WHAT IS BEING ASKED: Starting with the line that has "教室での活動のあと、運動場で" in the records below and ending with the line that has "Recieved 5 flats", output those lines exactly and nothing more; omit the pictures.

EXERCISE DATA:
--------

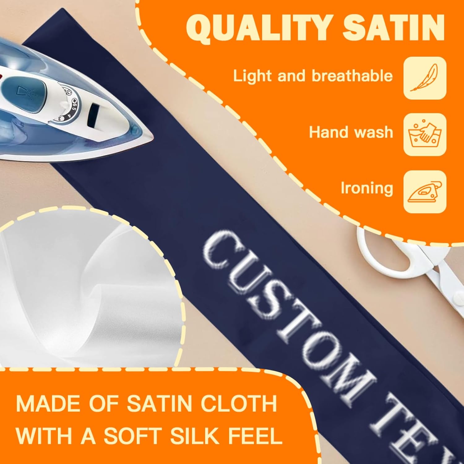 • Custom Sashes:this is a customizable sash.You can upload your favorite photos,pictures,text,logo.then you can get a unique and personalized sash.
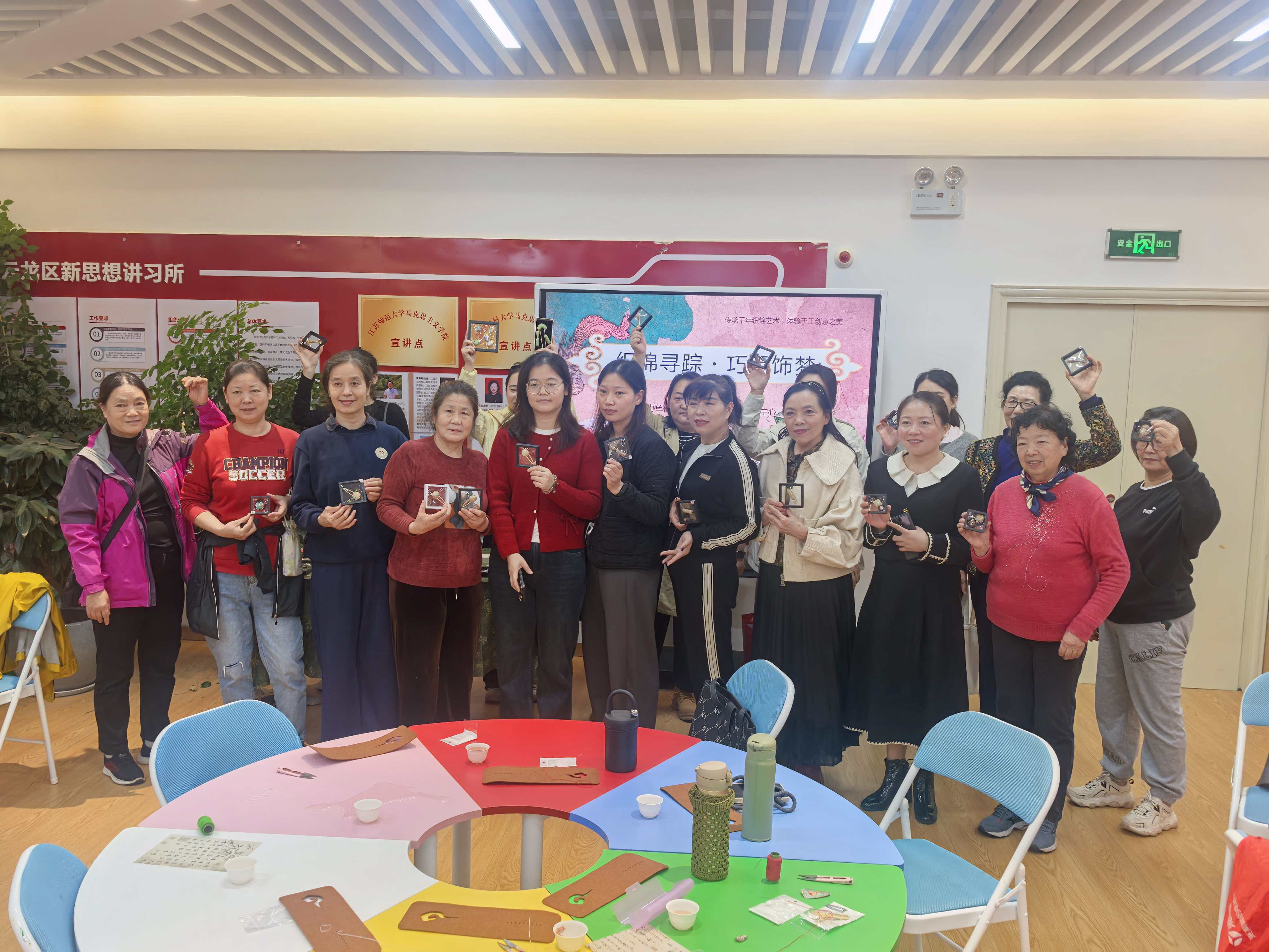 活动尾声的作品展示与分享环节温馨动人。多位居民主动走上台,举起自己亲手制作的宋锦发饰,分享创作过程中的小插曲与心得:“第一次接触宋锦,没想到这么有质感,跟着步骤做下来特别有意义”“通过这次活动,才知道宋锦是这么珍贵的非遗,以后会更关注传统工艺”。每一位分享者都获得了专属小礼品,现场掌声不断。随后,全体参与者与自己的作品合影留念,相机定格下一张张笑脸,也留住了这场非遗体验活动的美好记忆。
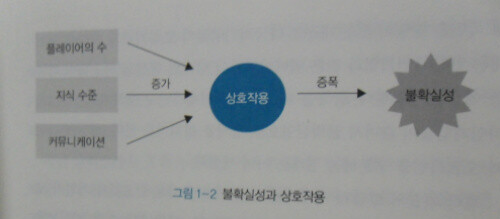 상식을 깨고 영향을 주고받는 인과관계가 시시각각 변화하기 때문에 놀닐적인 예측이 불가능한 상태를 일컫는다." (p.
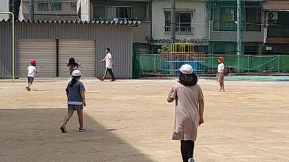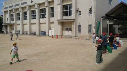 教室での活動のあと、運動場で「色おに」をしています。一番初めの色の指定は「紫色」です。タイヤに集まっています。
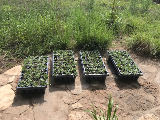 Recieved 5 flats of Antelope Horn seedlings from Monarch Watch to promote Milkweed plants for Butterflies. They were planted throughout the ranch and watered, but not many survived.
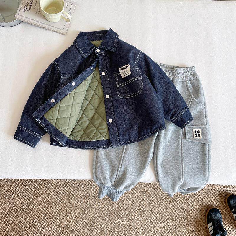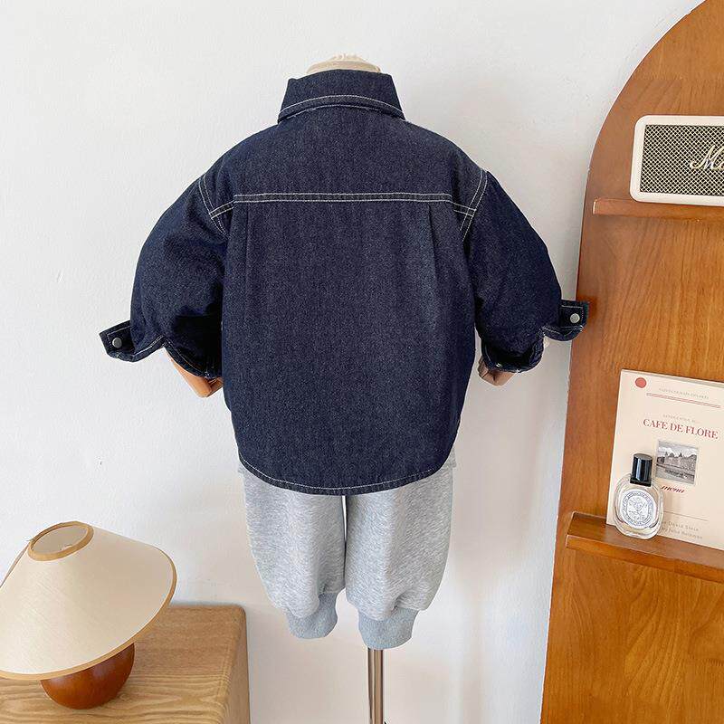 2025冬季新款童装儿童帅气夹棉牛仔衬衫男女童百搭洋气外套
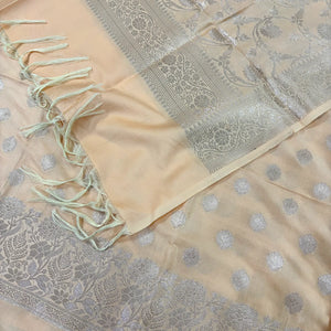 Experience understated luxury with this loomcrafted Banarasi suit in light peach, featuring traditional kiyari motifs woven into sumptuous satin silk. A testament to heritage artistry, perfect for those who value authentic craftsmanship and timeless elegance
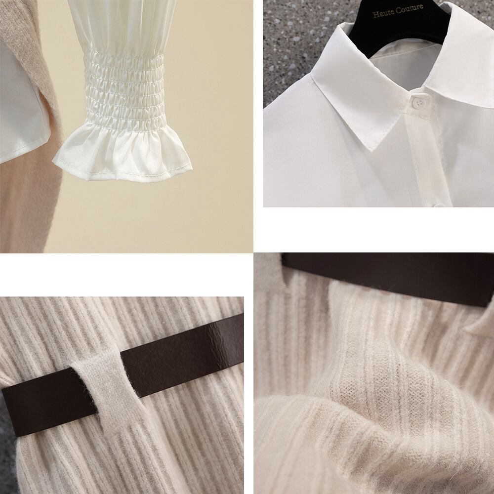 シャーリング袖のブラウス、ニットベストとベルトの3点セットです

--------

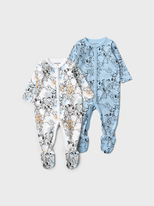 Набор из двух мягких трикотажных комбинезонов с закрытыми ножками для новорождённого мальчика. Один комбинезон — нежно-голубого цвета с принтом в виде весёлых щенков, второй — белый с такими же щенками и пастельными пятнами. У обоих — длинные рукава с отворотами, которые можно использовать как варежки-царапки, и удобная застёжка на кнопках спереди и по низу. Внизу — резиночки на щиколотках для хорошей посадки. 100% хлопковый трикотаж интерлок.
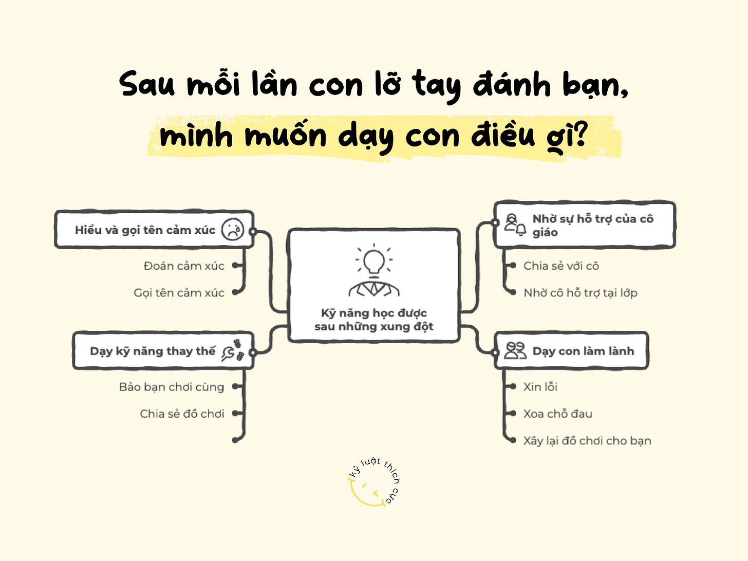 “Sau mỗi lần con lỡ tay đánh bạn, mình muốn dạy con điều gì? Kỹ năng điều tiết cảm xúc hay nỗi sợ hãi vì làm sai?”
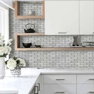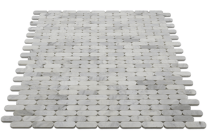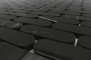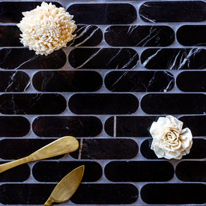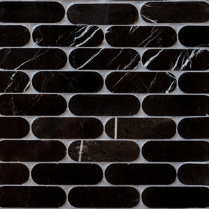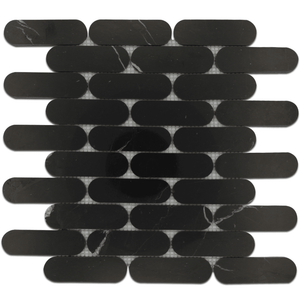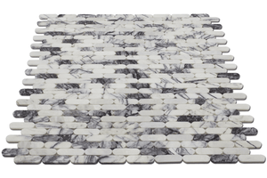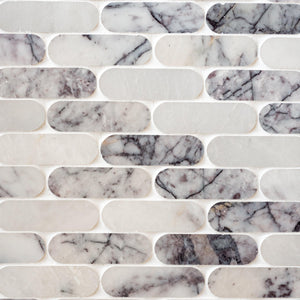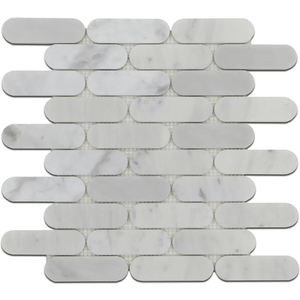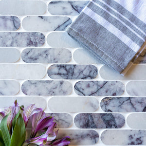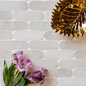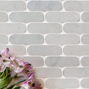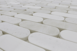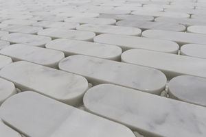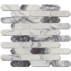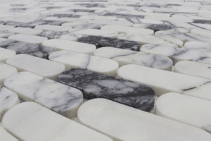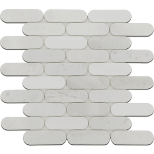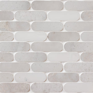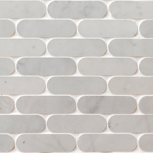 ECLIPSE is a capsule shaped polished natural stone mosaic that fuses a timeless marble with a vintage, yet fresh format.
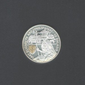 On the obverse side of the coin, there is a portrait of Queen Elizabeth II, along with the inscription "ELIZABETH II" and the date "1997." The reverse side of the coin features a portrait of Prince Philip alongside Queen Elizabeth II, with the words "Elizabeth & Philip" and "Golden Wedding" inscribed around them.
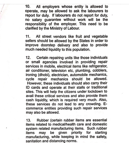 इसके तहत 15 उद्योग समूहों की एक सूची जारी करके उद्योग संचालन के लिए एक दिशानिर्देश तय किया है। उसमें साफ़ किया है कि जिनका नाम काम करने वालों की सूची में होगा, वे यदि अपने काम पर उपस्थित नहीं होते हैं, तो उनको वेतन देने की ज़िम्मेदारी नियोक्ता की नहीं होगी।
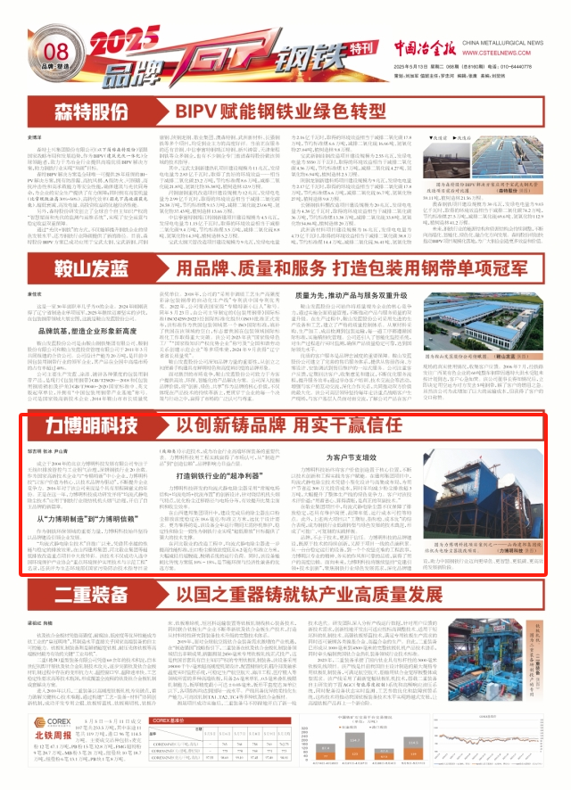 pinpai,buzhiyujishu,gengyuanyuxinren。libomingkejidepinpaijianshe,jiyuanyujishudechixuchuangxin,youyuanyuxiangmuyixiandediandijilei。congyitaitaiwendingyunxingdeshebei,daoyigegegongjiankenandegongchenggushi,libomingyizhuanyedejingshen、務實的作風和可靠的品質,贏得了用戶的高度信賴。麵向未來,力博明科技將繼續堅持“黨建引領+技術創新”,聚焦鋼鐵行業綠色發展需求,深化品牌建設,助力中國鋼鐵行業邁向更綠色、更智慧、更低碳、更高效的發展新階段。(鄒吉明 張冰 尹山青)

--------

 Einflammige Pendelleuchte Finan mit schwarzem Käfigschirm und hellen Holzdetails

--------

SOLUTION BELOW:
 教室での活動のあと、運動場で「色おに」をしています。一番初めの色の指定は「紫色」です。タイヤに集まっています。
 Recieved 5 flats of Antelope Horn seedlings from Monarch Watch to promote Milkweed plants for Butterflies. They were planted throughout the ranch and watered, but not many survived.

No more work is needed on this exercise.